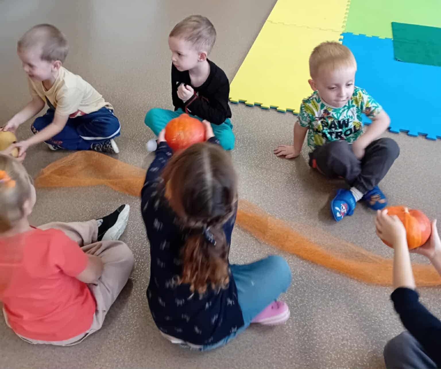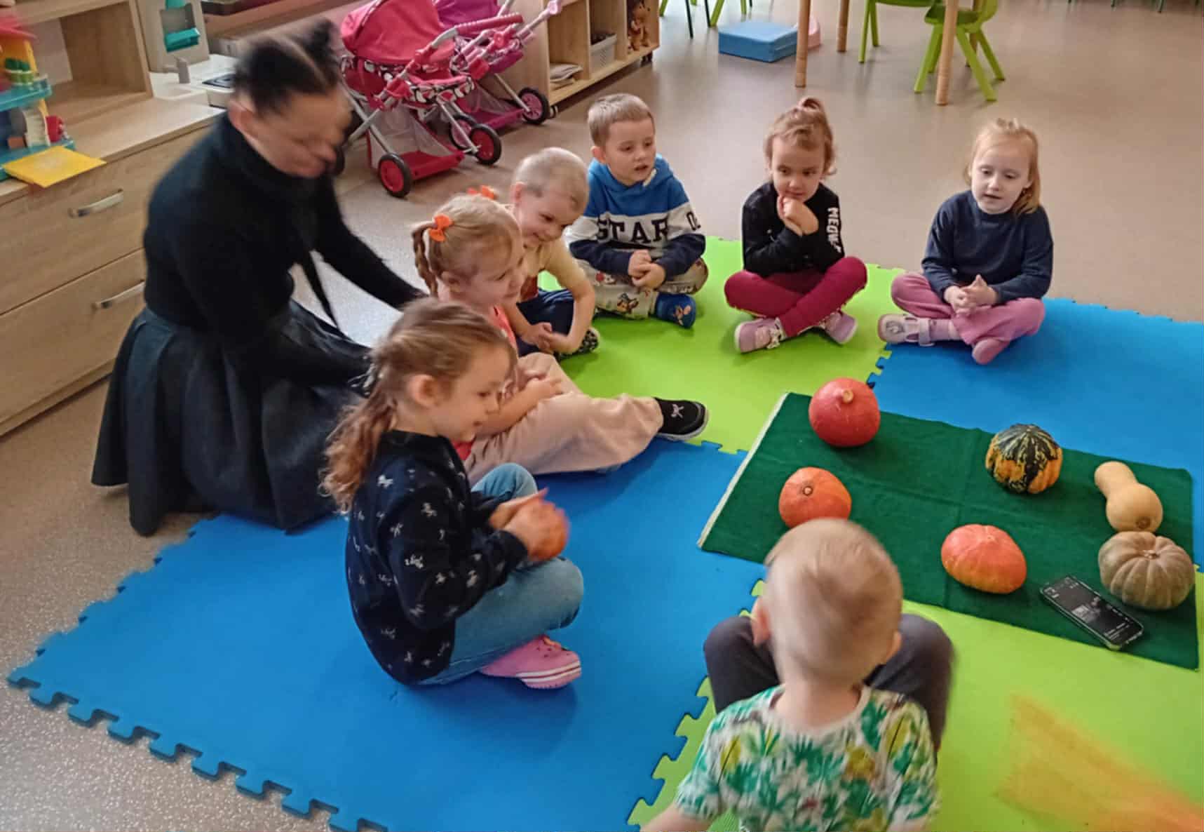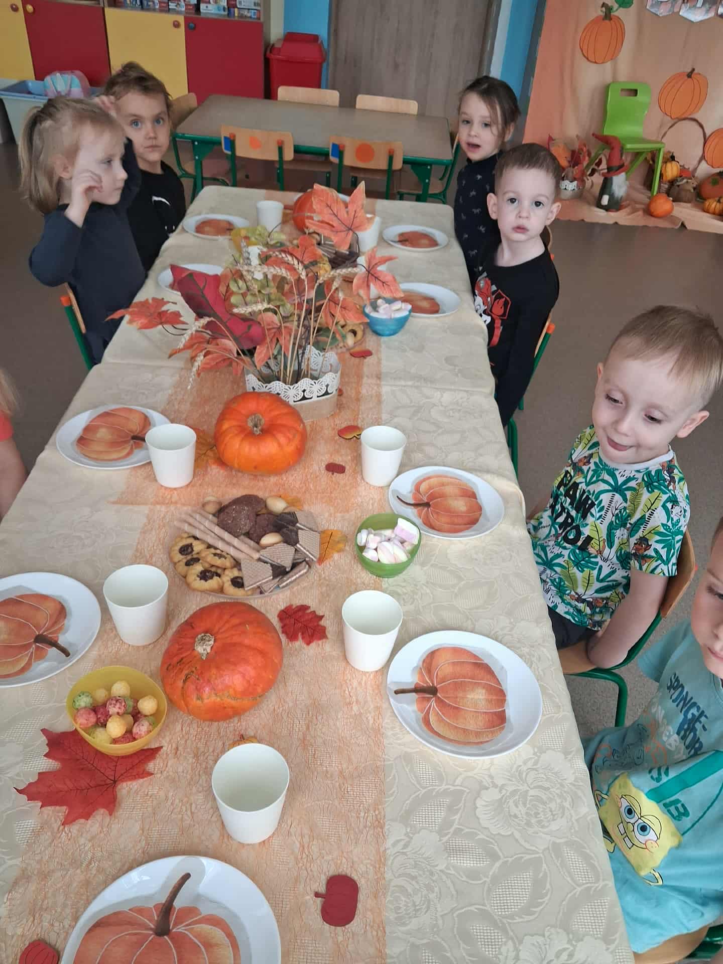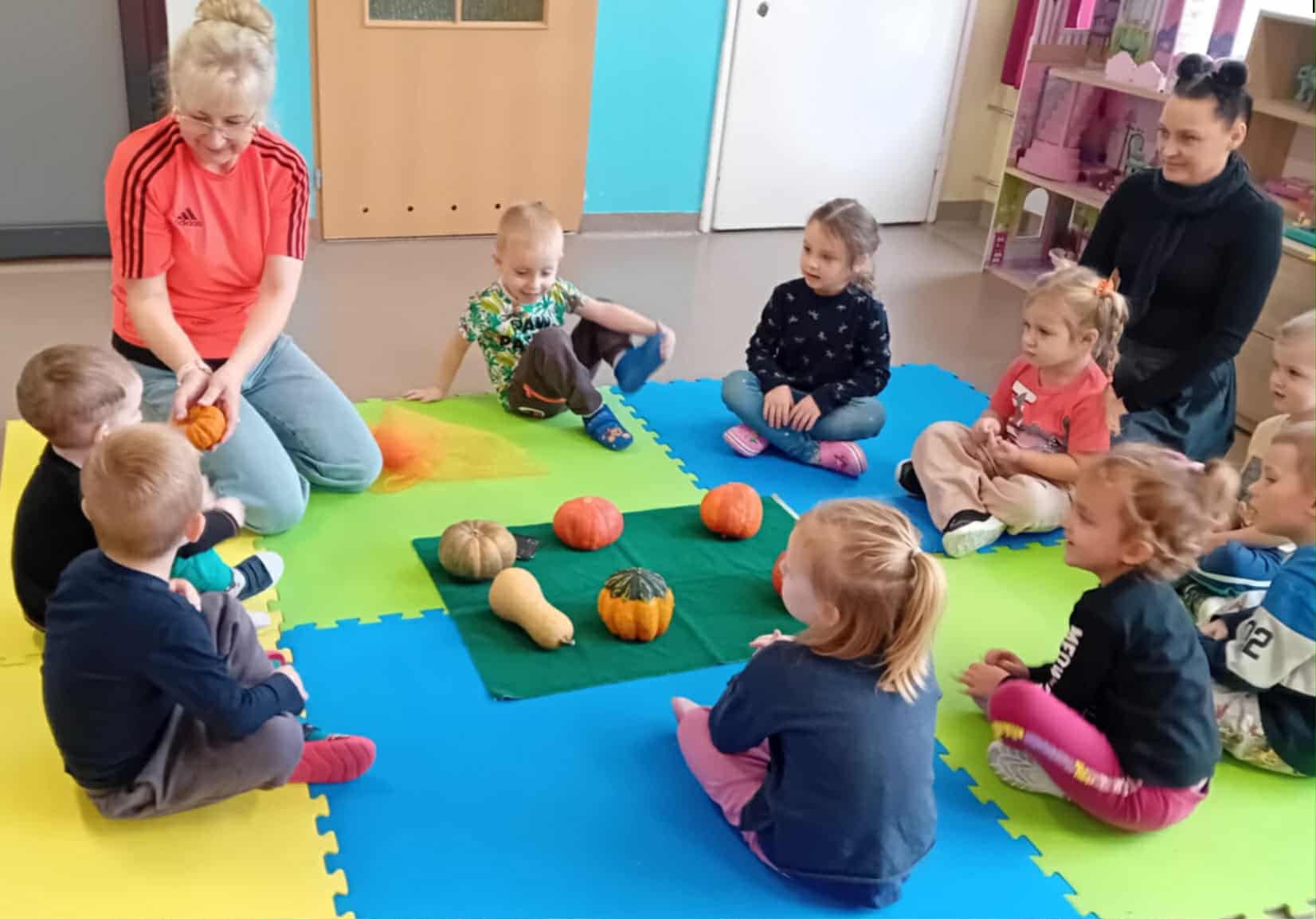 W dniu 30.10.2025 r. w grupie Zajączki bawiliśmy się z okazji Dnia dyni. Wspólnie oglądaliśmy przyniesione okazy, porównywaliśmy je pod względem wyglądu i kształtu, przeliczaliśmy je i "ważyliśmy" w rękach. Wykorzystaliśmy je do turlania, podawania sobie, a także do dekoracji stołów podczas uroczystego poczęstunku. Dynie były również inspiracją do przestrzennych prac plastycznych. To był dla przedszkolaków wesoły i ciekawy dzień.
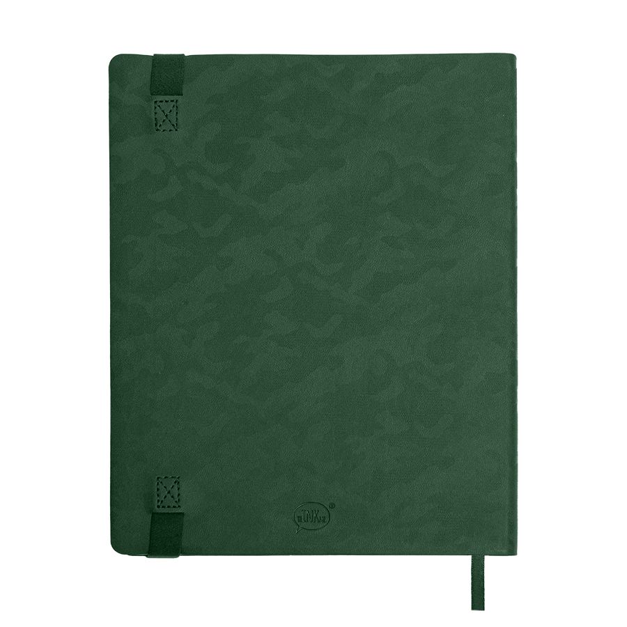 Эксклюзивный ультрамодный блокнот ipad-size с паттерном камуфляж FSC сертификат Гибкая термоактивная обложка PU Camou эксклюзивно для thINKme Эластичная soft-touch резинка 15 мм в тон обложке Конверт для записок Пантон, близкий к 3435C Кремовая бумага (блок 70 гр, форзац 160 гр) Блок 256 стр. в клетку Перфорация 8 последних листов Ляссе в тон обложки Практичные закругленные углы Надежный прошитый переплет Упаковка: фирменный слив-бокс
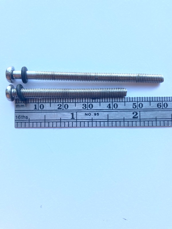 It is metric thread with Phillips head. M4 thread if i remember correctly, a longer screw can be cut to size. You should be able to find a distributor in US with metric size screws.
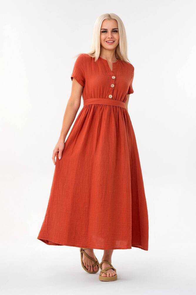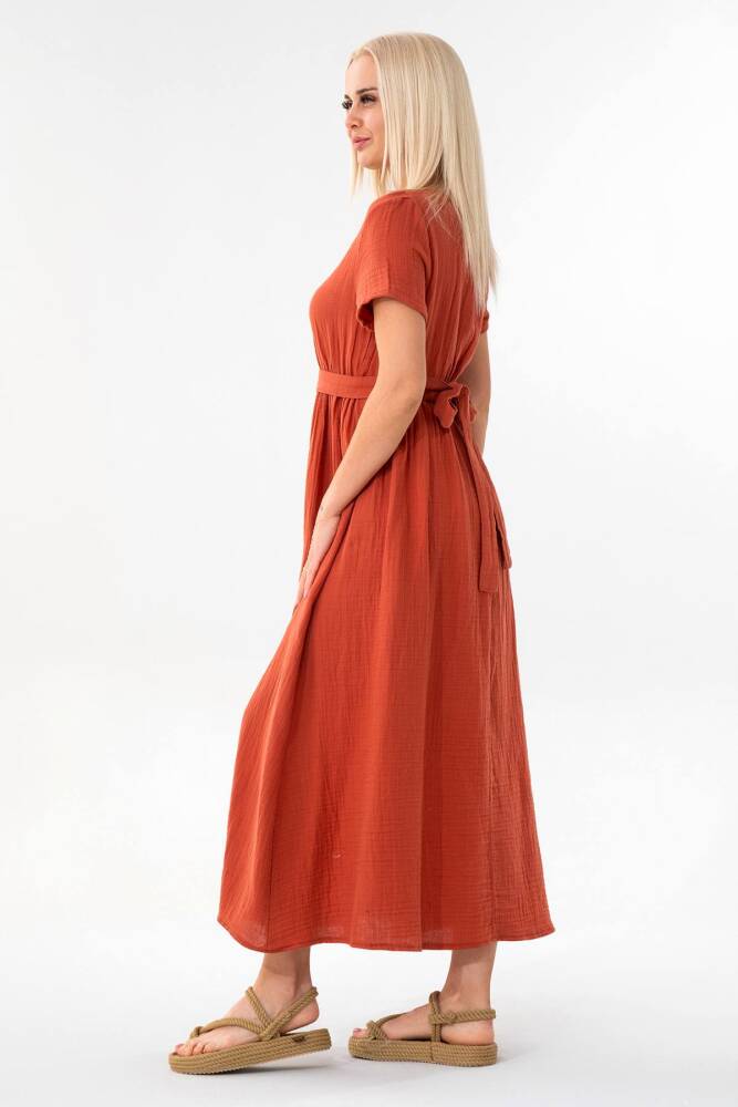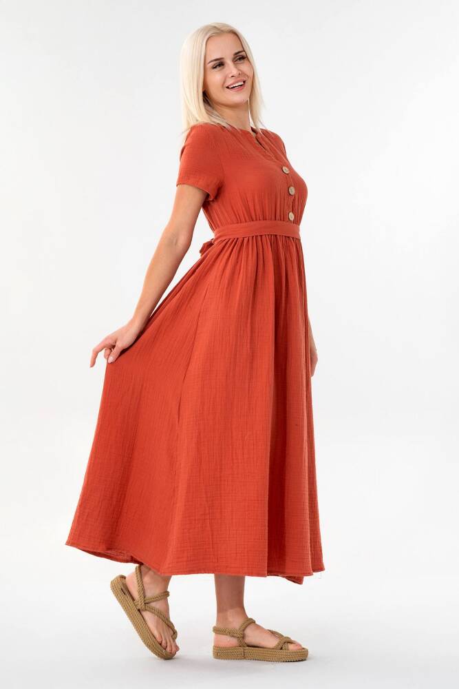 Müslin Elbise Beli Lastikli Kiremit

● Task requirements: The whole listing should be printed again exactly as written, images excluded.

● Result for this task:
 W dniu 30.10.2025 r. w grupie Zajączki bawiliśmy się z okazji Dnia dyni. Wspólnie oglądaliśmy przyniesione okazy, porównywaliśmy je pod względem wyglądu i kształtu, przeliczaliśmy je i "ważyliśmy" w rękach. Wykorzystaliśmy je do turlania, podawania sobie, a także do dekoracji stołów podczas uroczystego poczęstunku. Dynie były również inspiracją do przestrzennych prac plastycznych. To był dla przedszkolaków wesoły i ciekawy dzień.
 Эксклюзивный ультрамодный блокнот ipad-size с паттерном камуфляж FSC сертификат Гибкая термоактивная обложка PU Camou эксклюзивно для thINKme Эластичная soft-touch резинка 15 мм в тон обложке Конверт для записок Пантон, близкий к 3435C Кремовая бумага (блок 70 гр, форзац 160 гр) Блок 256 стр. в клетку Перфорация 8 последних листов Ляссе в тон обложки Практичные закругленные углы Надежный прошитый переплет Упаковка: фирменный слив-бокс
 It is metric thread with Phillips head. M4 thread if i remember correctly, a longer screw can be cut to size. You should be able to find a distributor in US with metric size screws.
 Müslin Elbise Beli Lastikli Kiremit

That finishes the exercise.